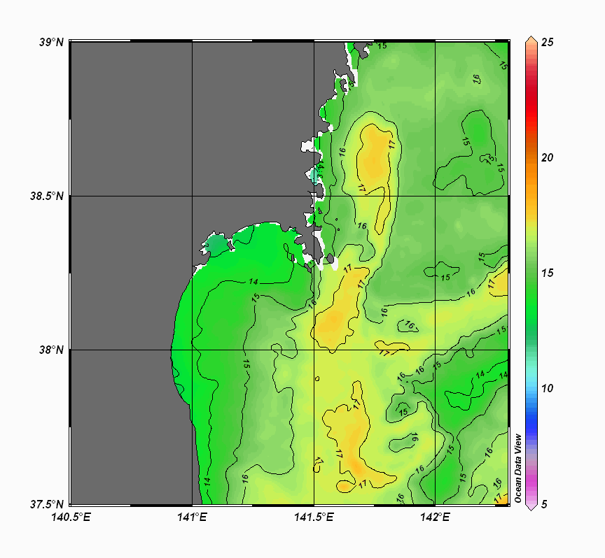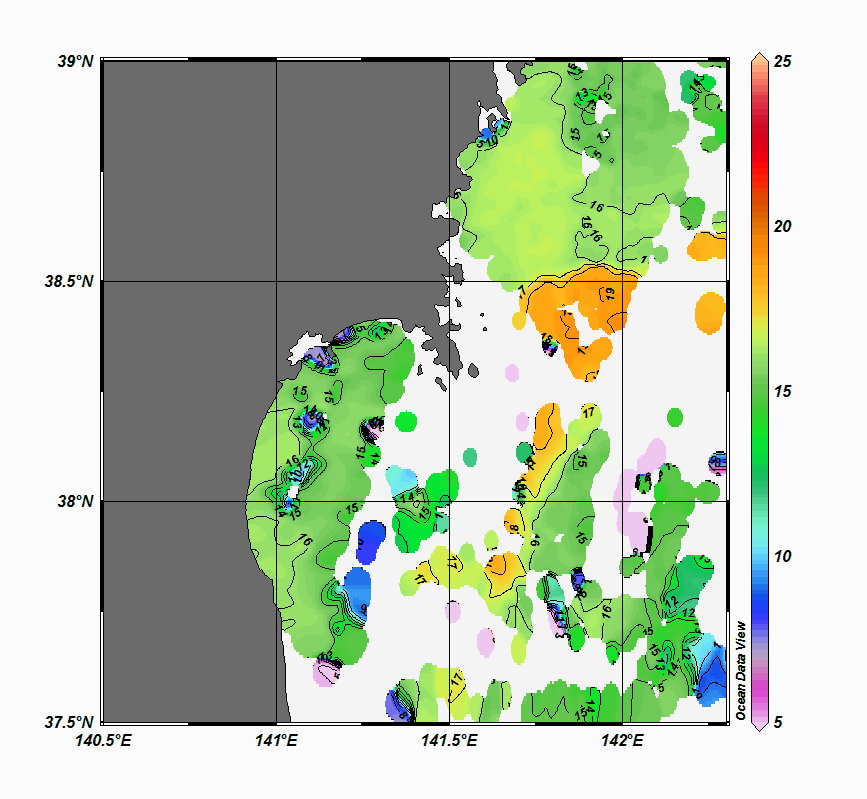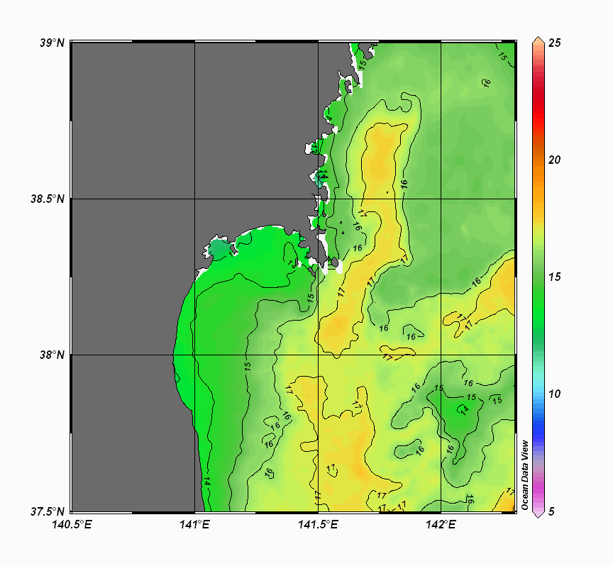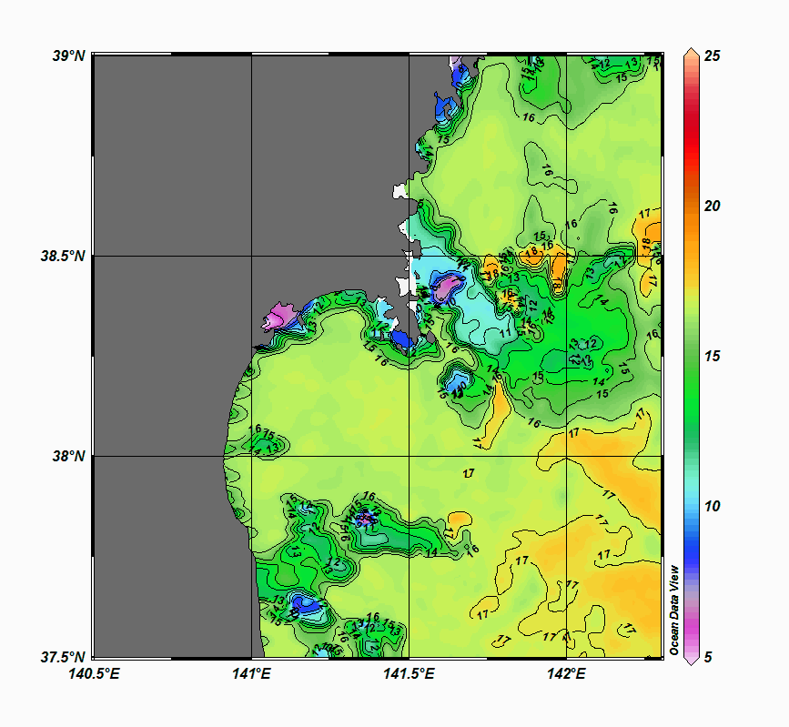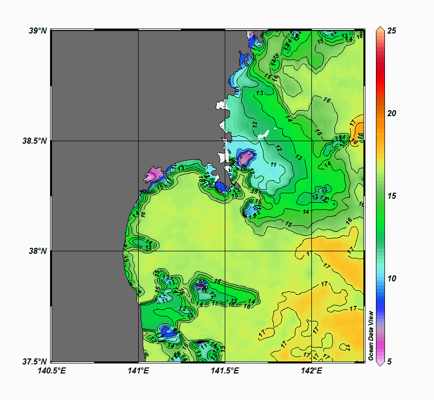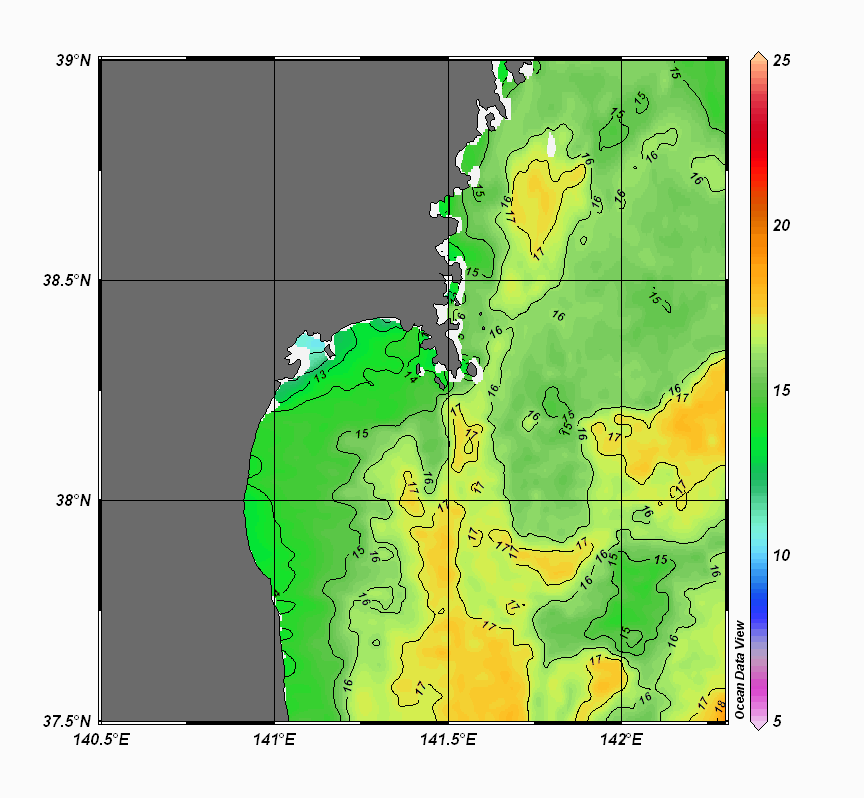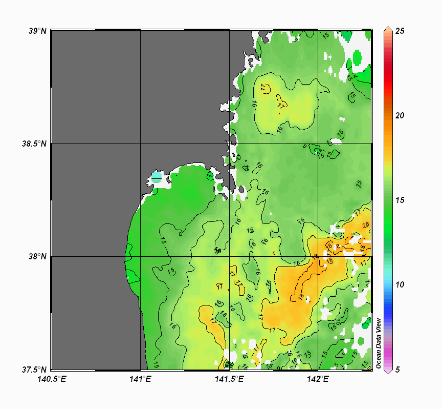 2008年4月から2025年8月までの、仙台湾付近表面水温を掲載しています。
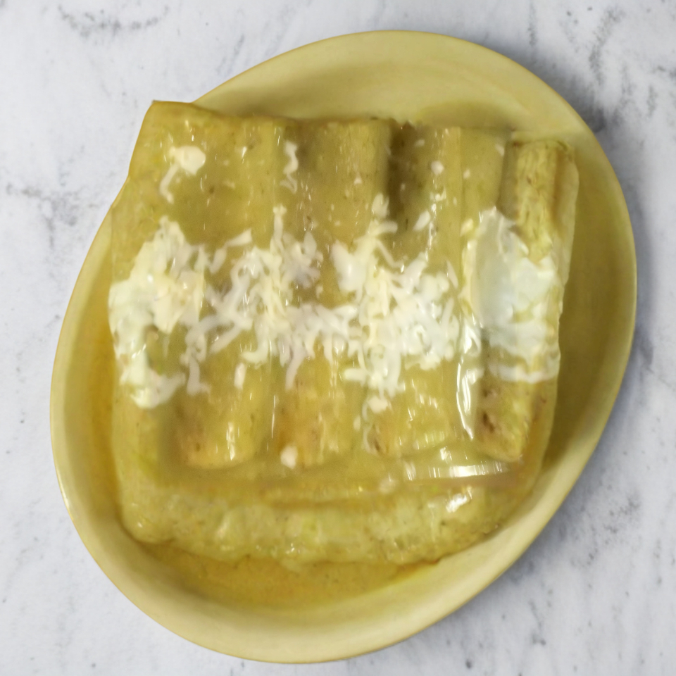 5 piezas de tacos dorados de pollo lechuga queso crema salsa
====
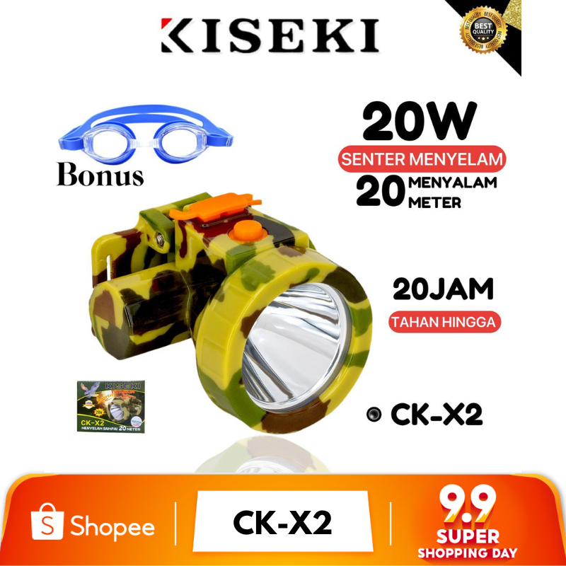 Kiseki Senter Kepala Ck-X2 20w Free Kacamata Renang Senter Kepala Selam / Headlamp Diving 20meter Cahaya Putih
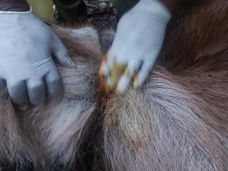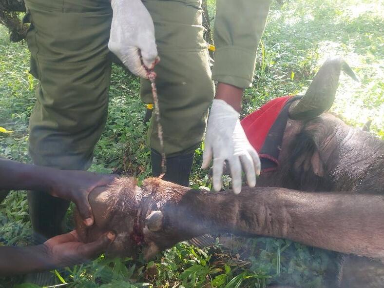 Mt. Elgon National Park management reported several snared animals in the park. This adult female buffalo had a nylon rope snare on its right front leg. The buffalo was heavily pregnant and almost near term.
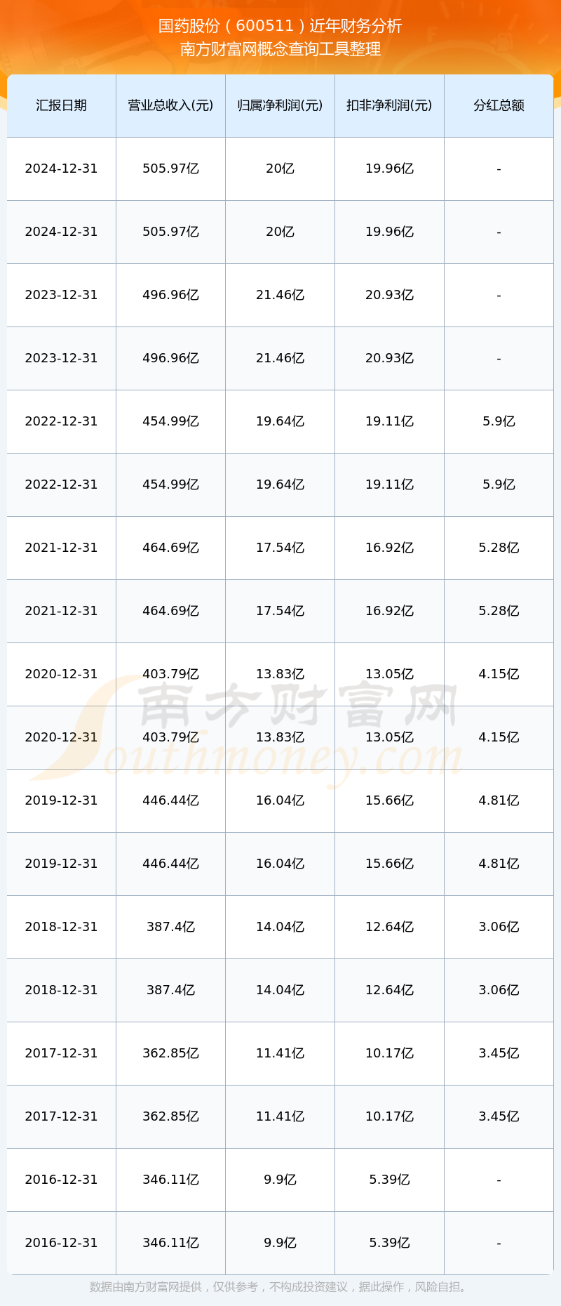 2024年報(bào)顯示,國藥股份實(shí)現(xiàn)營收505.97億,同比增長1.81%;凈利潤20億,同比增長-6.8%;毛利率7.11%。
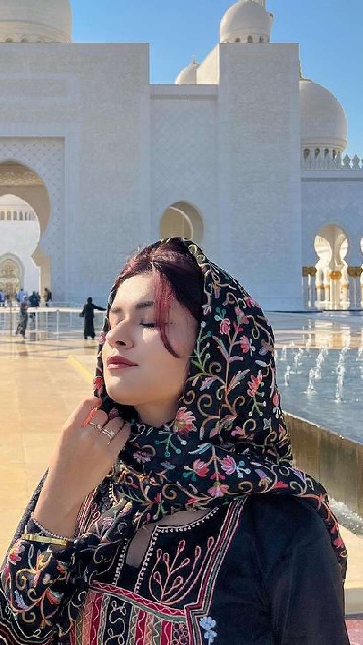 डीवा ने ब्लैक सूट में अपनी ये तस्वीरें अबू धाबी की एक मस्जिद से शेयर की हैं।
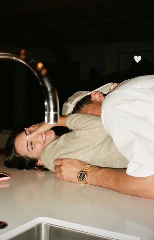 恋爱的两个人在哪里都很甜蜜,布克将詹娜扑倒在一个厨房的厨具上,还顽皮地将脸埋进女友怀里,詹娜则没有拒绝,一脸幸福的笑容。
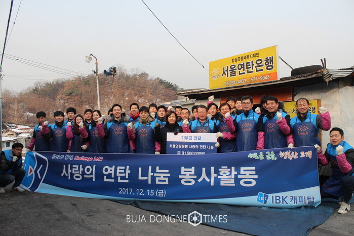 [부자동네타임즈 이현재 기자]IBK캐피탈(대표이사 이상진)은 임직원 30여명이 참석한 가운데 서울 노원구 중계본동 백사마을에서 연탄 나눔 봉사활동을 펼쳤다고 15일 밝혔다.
====
> [What is needed] Write out, word for word, the stretch of entries that begins at the line with "恋爱的两个人在哪里都很甜蜜,布克将詹娜扑" and ends at the line with "[부자동네타임즈 이현재 기자]IBK캐피탈(대표이사". Pictures do not belong in it.

> [Solution below]
 恋爱的两个人在哪里都很甜蜜,布克将詹娜扑倒在一个厨房的厨具上,还顽皮地将脸埋进女友怀里,詹娜则没有拒绝,一脸幸福的笑容。
 [부자동네타임즈 이현재 기자]IBK캐피탈(대표이사 이상진)은 임직원 30여명이 참석한 가운데 서울 노원구 중계본동 백사마을에서 연탄 나눔 봉사활동을 펼쳤다고 15일 밝혔다.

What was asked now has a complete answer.